When Davy let go of Roule beside the plane, the man fainted, dropping with slack knees to the ground. Reverend Ilori was dancing from one foot to the other, staring at them and muttering "Jesus protect me!" again and again.
"Untie him!" Davy said, gesturing at Roule, and returned to the mission. A huge cloud of torn paper and yellow smoke was spread through the air, settling slowly across the water and clearing. Barely seen through it, on the other side of the waterway, the shattered hulk of the boat was burning.
She
also
lied about the grenade.
There was splashing in the water near the boat, so he hoped the crew had gotten overboard before the grenade had exploded. Someone was firing an assault rifle and Davy saw bullet holes trace across the wall of the church and smash a glass window. He dropped to the ground. He heard Frank call to him and looked around. Hyacinth and Frank were under the chapel, sheltering behind the cinderblock steps under the front door.

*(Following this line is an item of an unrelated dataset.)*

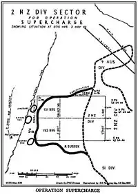 On the night of 1/2 November 1942, the Eighth Army attacked again in the north, with 2nd New Zealand Division in the lead. Freyberg placed 151 Brigade on the right and 152 Brigade on the left. The aim was to attack directly westwards across the Rahman track, with the infantry leading the night assault and 9th Armoured Brigade (now commanded by Brigadier John C. Currie) again passing through to break the enemy gun line and allow X Corps to break out. The assault went to plan except that opposition on the left was heavier than expected which slowed the advance. As a result, the advancing tanks were highlighted against the dawn sky in the east and began to be picked off by Axis anti-tank fire. The Regiment was in the centre of the 9th Armoured Brigade, and the CO lost touch with both his artillery support and close anti-tank support. In the growing light, the B squadron commander (Major M.StJ.V.Gibbs) realised that he was in a ring of enemy anti-tank guns, ahead and to both flanks. He gave the order to 'Charge' and B Squadron overran the anti-tank positions, losing some vehicles but destroying the enemy gun line.[30] Meanwhile, the 21st Panzer Division was counter-attacking A and C Squadrons and at 4 pm the regiment (now down to four tanks) was withdrawn. The 1st Armoured Division from X Corps were just behind the 9th Armoured Brigade but there were no liaison officers between the units and 1st Armoured did not take the opportunity to push on through the broken Axis gun-line.[31]

He jumped to them, lying on the dusty dried mud at their side.
Hyacinth was talking on a small handheld radio. "Yes. We will be completely clear of the area by the time you get here." She held her big, blocky automatic in the other hand and she'd replaced the clip with one that stuck a good five inches out of the bottom of the grip. She stuck the gun around the corner of the cinderblocks and pulled the trigger.
"Jesus!" said Davy, covering his ears. The gun fired continuously as she held the trigger down for half-a-second. "What the hell is that?"

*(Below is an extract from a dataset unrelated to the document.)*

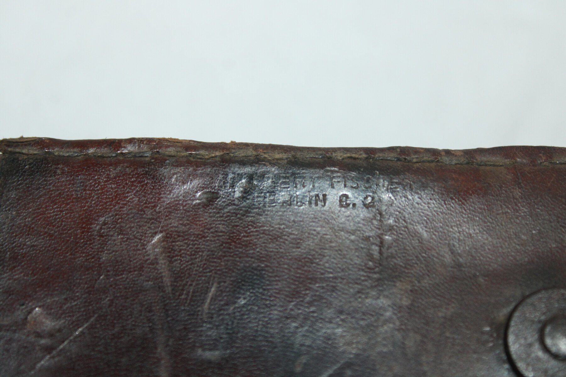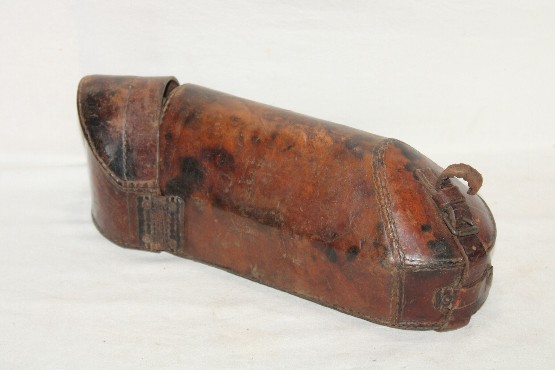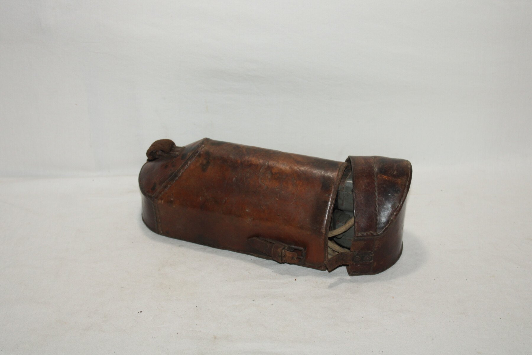 Combiné pour téléphone de campagne prussien dans son étui de transport. Peinture feldgrau présente, complet avec son câble à deux fiches et tout ses boutons. Etui en cuir, sanglon de fermeture cassé mais présent. Marquage dans le couvercle. Intérieur en partie abimée. Sangle absente. Bel ensemble.

Hyacinth looked like she was enjoying herself. She turned toward him and said, "It's my Glock Eighteen. Cool, huh? Thirteen hundred rounds a minute. Too bad I could only get thirty-one-round clips." She turned back toward the water.
"Who was she talking to?" Davy asked Frank.
Frank was staring at him, breathing heavily. He managed to stammer, "Army. Seventh Amphibious Battalion. They're closing in and they're probably going to shoot anything that moves." He gestured in the general direction of the shooter. "Looks like their eyes went come-down-sad." At Davy's look of incomprehension he said, "They've realized they've been conned."
"Ah." Davy grabbed Frank's belt with both hands and jumped him back to the airplane.
Reverend Ilori was helping Roule to sit up, fortunately facing away from where Davy and Frank had appeared.
Frank struggled to his feet and Davy rolled away from him before also standing. Frank was looking at his airplane, then at Ilori and Roule. "Son-of-a-bitch."
"Takes people like that. Or did you mean
him?"
Davy looked at Roule. He lowered his voice. "You called him that before. Why don't you like him?"
Frank shut his mouth abruptly.
"Don't want to say, eh? Okay. Hope I didn't rescue a monster."
Frank licked his lips, then decided to speak, his face contorted. "Well, you
did.
Whole villages. Fisheries. Farms. Gone. Only he wasn't the one who got his hands dirty or took the blame. He's only the one who pointed his finger and said 'do it.' In the name of oil. For obscene profit."
Oh, shit.
For one brief moment Davy considered putting Roule back at the mission, in the hopes that the army assault team would kill him.
Davy's expression looked so bleak that Frank recoiled from him, blurting, "I won't tell."